ABSTRACT:
Die Begeisterung, die die Erzählungen aus Tausendundeiner Nacht seit ihrer ersten Übersetzung 1704 in Europa ausgelöst haben und der Einfluss, den das Werk auf die Entwicklung der europäischen Literaturgeschichte hatte, steht in einem krassen Missverhältnis zur Rolle, die die Sammlung innerhalb der arabischen Literatur dieser Zeit eingenommen hat. Dort waren die mündlich in Kaffeehäusern vorgetragenen Erzählungen als billige Volksbelustigung und geistlose Unterhaltung verpönt und wurden von Seiten der Gelehrten nicht als ernsthafte Literatur anerkannt. Das hat sich in der Moderne radikal geändert.
Heute sehen arabische Autoren in den Erzählungen aus Tausendundeiner Nacht Anknüpfungspunkte an modernes und postmodernes Erzählen.
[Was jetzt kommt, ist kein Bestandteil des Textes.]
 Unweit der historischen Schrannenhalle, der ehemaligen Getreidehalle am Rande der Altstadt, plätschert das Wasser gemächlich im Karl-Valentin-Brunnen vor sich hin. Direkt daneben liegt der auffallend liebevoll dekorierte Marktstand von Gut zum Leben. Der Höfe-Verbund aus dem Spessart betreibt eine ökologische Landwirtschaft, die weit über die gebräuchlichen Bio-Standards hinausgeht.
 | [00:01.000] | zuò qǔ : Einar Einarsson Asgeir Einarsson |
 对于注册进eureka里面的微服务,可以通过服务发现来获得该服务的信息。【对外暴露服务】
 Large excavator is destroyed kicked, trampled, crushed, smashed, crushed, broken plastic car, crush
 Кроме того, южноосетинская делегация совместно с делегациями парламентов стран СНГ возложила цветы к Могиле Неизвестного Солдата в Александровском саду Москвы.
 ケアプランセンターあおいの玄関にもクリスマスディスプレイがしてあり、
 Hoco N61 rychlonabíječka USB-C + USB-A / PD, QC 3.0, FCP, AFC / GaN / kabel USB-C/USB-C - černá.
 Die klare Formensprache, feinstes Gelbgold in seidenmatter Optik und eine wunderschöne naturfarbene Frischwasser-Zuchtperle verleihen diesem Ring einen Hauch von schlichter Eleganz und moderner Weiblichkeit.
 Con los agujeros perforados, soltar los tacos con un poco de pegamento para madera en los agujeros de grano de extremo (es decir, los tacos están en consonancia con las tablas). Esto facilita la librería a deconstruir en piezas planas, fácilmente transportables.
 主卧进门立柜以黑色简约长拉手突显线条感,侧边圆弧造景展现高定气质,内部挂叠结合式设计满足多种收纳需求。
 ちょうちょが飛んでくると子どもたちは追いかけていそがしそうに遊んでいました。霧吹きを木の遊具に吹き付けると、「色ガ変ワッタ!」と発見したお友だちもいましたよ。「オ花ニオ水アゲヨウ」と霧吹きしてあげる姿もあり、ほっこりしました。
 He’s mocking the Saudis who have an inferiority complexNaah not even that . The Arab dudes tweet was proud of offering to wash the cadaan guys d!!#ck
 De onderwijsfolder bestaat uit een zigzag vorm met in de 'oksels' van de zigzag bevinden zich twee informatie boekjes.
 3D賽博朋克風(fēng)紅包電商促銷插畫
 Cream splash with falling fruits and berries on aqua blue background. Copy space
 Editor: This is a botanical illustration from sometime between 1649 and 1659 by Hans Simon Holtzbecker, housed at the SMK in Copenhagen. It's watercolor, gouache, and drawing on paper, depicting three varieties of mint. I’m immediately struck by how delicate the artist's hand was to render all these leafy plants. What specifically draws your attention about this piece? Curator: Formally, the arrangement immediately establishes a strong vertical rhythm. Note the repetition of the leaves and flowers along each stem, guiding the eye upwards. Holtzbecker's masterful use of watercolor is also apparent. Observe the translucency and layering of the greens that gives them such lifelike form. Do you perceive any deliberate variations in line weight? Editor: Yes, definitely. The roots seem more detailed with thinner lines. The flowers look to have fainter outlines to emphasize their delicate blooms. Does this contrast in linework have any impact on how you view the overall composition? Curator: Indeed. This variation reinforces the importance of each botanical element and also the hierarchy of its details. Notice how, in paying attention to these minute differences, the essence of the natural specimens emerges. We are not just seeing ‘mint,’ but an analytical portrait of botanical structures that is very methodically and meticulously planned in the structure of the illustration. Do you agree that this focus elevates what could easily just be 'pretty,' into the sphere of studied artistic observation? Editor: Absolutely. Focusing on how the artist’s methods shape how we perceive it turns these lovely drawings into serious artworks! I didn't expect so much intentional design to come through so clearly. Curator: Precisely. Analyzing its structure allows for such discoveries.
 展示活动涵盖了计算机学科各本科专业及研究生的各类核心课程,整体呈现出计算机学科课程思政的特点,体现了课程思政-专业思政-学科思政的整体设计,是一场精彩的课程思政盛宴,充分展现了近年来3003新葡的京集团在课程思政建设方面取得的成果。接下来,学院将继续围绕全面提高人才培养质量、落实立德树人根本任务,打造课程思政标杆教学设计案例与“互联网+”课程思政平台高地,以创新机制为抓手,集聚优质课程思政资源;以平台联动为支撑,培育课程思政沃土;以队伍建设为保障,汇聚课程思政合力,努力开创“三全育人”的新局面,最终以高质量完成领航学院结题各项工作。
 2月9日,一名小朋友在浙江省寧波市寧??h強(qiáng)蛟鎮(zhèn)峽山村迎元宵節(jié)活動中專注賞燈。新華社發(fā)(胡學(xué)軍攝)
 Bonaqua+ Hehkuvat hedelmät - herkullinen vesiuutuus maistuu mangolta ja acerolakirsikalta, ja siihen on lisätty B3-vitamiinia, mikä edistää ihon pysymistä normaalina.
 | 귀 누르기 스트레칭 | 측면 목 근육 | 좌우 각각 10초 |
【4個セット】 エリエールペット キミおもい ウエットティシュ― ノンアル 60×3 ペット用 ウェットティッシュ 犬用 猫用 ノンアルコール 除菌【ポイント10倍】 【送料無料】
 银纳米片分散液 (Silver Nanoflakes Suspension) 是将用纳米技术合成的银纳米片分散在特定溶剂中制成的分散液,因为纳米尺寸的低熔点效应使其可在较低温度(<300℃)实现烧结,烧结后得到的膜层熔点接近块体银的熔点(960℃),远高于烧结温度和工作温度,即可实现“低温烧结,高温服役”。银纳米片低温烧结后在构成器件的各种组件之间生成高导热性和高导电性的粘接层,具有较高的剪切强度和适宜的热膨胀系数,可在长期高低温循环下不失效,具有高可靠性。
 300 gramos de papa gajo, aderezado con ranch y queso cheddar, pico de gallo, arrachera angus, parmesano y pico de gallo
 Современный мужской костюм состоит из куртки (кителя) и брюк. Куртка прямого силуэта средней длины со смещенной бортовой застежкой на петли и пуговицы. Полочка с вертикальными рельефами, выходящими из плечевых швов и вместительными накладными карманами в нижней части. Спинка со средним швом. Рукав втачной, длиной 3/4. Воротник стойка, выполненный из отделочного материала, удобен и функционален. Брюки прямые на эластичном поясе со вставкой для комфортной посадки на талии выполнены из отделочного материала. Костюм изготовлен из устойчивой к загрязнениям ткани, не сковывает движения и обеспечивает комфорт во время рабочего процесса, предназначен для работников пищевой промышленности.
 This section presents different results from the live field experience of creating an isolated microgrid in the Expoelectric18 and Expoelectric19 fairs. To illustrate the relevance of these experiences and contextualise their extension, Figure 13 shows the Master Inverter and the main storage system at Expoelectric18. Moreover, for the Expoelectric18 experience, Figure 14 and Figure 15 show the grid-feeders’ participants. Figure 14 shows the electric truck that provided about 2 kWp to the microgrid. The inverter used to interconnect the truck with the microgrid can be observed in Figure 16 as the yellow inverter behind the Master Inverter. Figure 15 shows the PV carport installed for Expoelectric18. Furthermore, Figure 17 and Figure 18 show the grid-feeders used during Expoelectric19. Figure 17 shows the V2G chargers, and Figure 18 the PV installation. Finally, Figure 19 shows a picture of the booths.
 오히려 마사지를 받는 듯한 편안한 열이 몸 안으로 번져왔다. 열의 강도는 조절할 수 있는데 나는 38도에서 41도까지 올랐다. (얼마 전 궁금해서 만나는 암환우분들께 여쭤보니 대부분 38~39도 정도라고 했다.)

Die narrative Konstruktion mit ihren zyklischen Strukturen und der heterarchischen Verschachtelungen erlauben es ihnen, die immer wieder behauptete Gegensätzlichkeit von (eigener) Tradition und (westlicher) Moderne zu hinterfragen.
Der Vortrag stellt mit den Romanen Die Tore der Stadt (1981) des Libanesen Elias Khoury und Der Peptimist (1974) des Palästinensers Emil Habibi zwei Beispiele vor, die intertextuelle Bezüge zu der Erzählung Die Messingsstadt aus den Erzählungen aus Tausendundeiner Nacht erkennen lassen und sich durch eine äußerst kreative Anverwandlung des erzählerischen Erbes auszeichnen.